A head insertion portion 39 is formed on the rear side of the arm portion 34. The head insertion portion 39 penetrates the cassette case 31 in the vertical direction. The left front portion of the head insertion portion 39 opens forward. Hereinafter, this opening is referred to as "head opening 391". The head opening 391 is located downstream (left side) of the heat sensitive tape 4 in the transport direction from the opening 341. The head holder 19 is inserted into the head insertion portion 39 with the tape cassette 30 mounted on the mounting portion 8.

A transport roller 33 is provided on the left side of the head insertion portion 39. The transport roller 33 is located between the opening 341 and the guide portion 38 described later in the transport direction (left-right direction). The transport roller 33 has a cylindrical shape and extends in the vertical direction. The front end of the transport roller 33 is exposed forward from the cassette case 31. The transport roller 33 supports the adhesive tape 7 in a state where the heat-sensitive tape 4 and the adhesive tape 7 are overlapped with each other. The transport roller 33 is rotatably supported by the support holes 35. The support hole 35 penetrates the cassette case 31 in the vertical direction. The drive shaft 18 is inserted inside the transport roller 33 with the tape cassette 30 mounted on the mounting portion 8. The transport roller 33 is rotated by rotational drive by the drive shaft 18, and transports the heat-sensitive tape 4 and the adhesive tape 7.

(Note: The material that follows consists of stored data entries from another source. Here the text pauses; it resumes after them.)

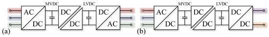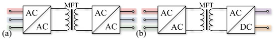 The most prevalent SST arrangement is the three-stage SST, with the AC/AC variety shown in Figure 16a and the AC/DC variety shown in Figure 16b. This arrangement relies on DC-links on both sides of the MFT. This dual DC-link characteristic is beneficial because it provides greater control over each module and makes the converter control easier. This high degree of control makes it suitable for CLLLC resonant DABs, as the power flow from the HV/MV and LV sides can be controlled independently of the isolation stage. This design is flexible and highly modular, making it suitable for various applications. It contains all the capabilities of the other two categories and expands upon them; however, these advantages come at the expense of having the highest component count. From a converter topology perspective, no significant changes from two-stage SSTs can be observed, as most of the topologies can be used in the three-stage configuration.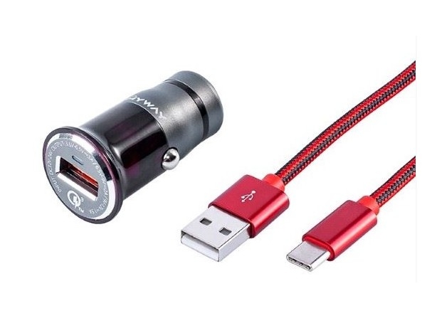 Nabíječka do auta 1xUSB + kabel USB TYP C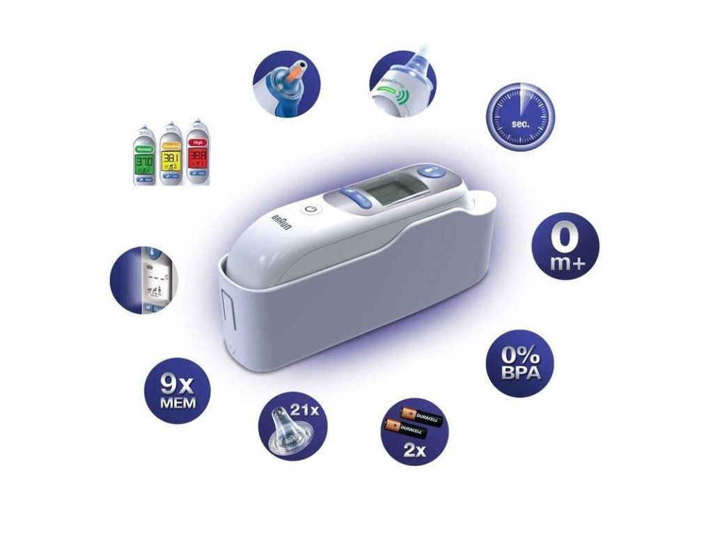 Nevyhnutnosť v každej domácej lekárničke je teplomer. Pre ľahké a rýchle meranie oceníte ušný teplomer Braun IRT 6520, ktorému zmeranie teploty trvá iba 5 sekúnd. Najmä pri meraní teploty u najmenších detí určite oceníte jeho vlastnosti, vďaka ktorým zbavíte bábätká stresu z merania teploty a zároveň sa môžete spoľahnúť, že meranie bude presné.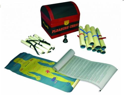 Aarrgghh Matey! You and yer wench best be battenin' down the hatrches. This here chest contains all ye scallywags need for many evevenings of carnal pillaging. Follow one of the eight pleasure maps and travel around the exotic island that is yer lover's body in search of the secret bounty. Be a thorough and adventuresome pirate and the treasure at the end of yer journey be plentiful. But, be careful, if ye draw yer sword too quickly ye may end up sleepin' with the fishes!

A guide portion 38 is provided at the left front corner portion of the cassette case 31. The guide portion 38 is located downstream (on the left side) in the transport direction from the opening 341, and more specifically, is located downstream in the transport direction from the transport roller 33. The guide portion 38 is formed in a slit shape extending in the vertical direction. When the bonding tape 9 is conveyed via the conveying roller 33, it passes through the inside of the guide portion 38. At this time, the guide portion 38 supports the bonded tape 9 from both sides in the width direction. As a result, the bonding tape 9 is discharged from the cassette case 31 while the posture of the bonding tape 9 is maintained. That is, the guide portion 38 guides the bonded tape 9 to the outside of the cassette case 31.

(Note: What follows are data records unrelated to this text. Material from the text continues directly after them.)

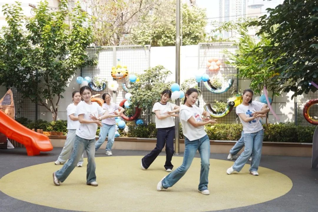 青年教师则献上舞蹈《花开有时》,轻盈的舞姿如春风化雨,传递出对幼儿未来的美好期许。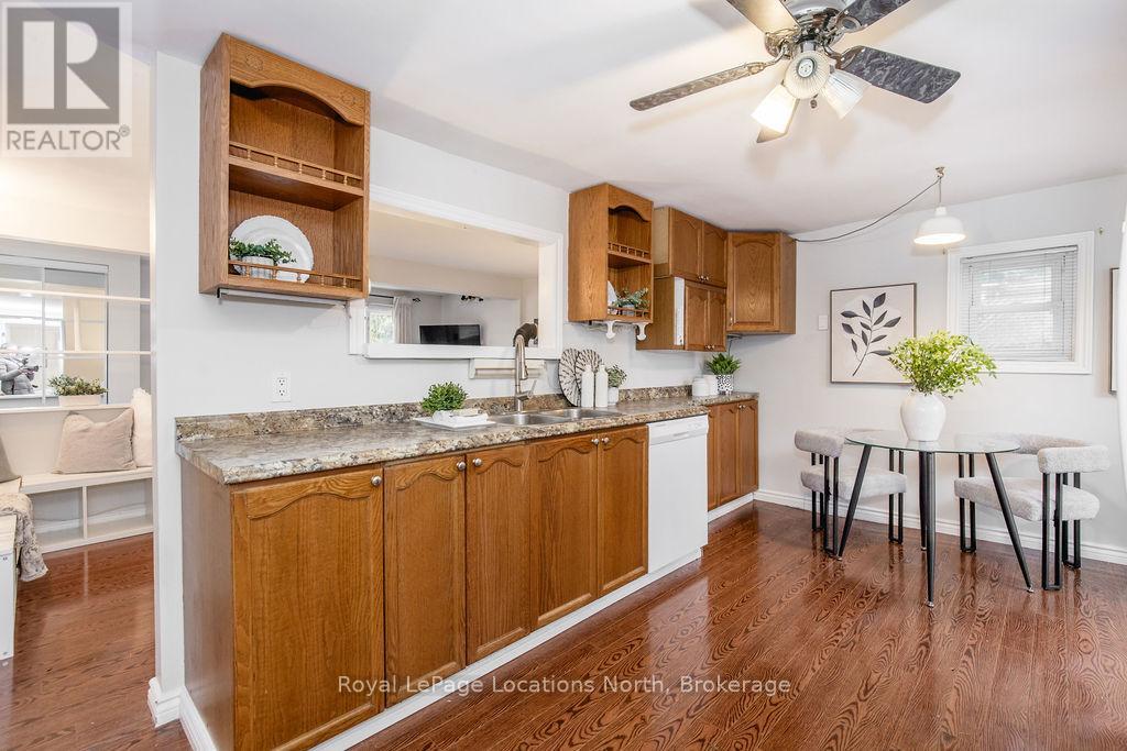 Just Steps to the Beach - The Perfect 4-Season Getaway or Year-Round Home. Welcome to a cozy 3-bedroom, 1-bathroom ranch bungalow tucked on a private 50 x 120 ft lot, only a short stroll to the sandy shores. Whether you're dreaming of a weekend cottage, your first home, or a comfortable place to retire, this property fits beautifully into every stage of life. Inside, the living room invites you to curl up by the gas fireplace after a day at the beach or on the ski hill. The spacious kitchen gives you plenty of room to cook and entertain, with a walkout that leads to a back deck overlooking a private, tree-lined yard , complete with a firepit for those warm summer nights with family and friends. Three large sheds provide extra storage options. There's also a laundry hook-up ready to go. Location is everything, and here you're in the heart of it all: walk to Starbucks, Tim Hortons, restaurants, and local shopping. Enjoy the ease of gas/baseboard heat, municipal water and sewer, and true 4-season living. And when winter rolls around? Blue Mountain is just a quick 15-minute drive. A simple, comfortable home in the perfect spot and exactly where you want to be. (id:4069)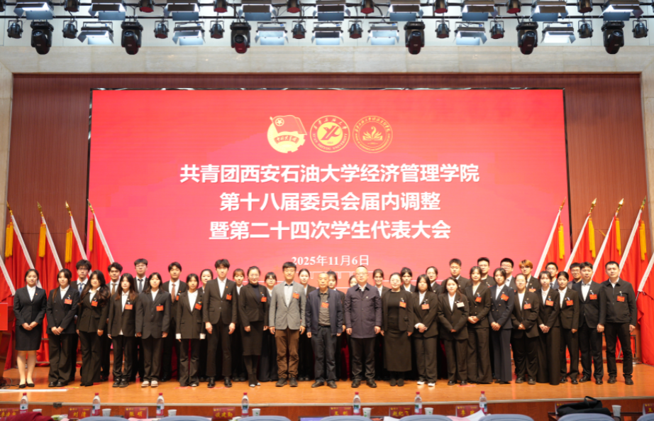 2025年11月6日,共青團西安石油大學經濟管理學院第十八屆委員會屆內調整暨第二十四次學生代表大會在鄠邑校區弘石學術報告廳順利召開。學院黨委書記談建勤、校團委書記王剛、經濟管理學院黨委副書記趙紀飛、經濟管理學院團委書記張碩、學院各年級團總支書記、輔導員以及各兄弟院系學生會主席團代表、學院學生代表200余人參加了此次會議。

As shown in FIG. 3, a first supply roll 40 and a second supply roll 70 are housed inside the cassette case 31. The first supply roll 40 is a supply source of the thermal tape 4, and is provided at the right rear portion in the cassette case 31. The first supply roll 40 is configured by winding the heat-sensitive tape 4 around the first tape spool 21 in a clockwise direction in a plan view in a direction away from the center of rotation of the first tape spool 21. Specifically, the heat-sensitive tape 4 is wound so that the plurality of heat-sensitive layers 42 (see FIG. 4 (A)) are inside the base material 41 (see FIG. 4 (A)) described later. The first tape spool 21 is rotatably supported by the support holes 36. The support hole 36 penetrates the cassette case 31 in the vertical direction.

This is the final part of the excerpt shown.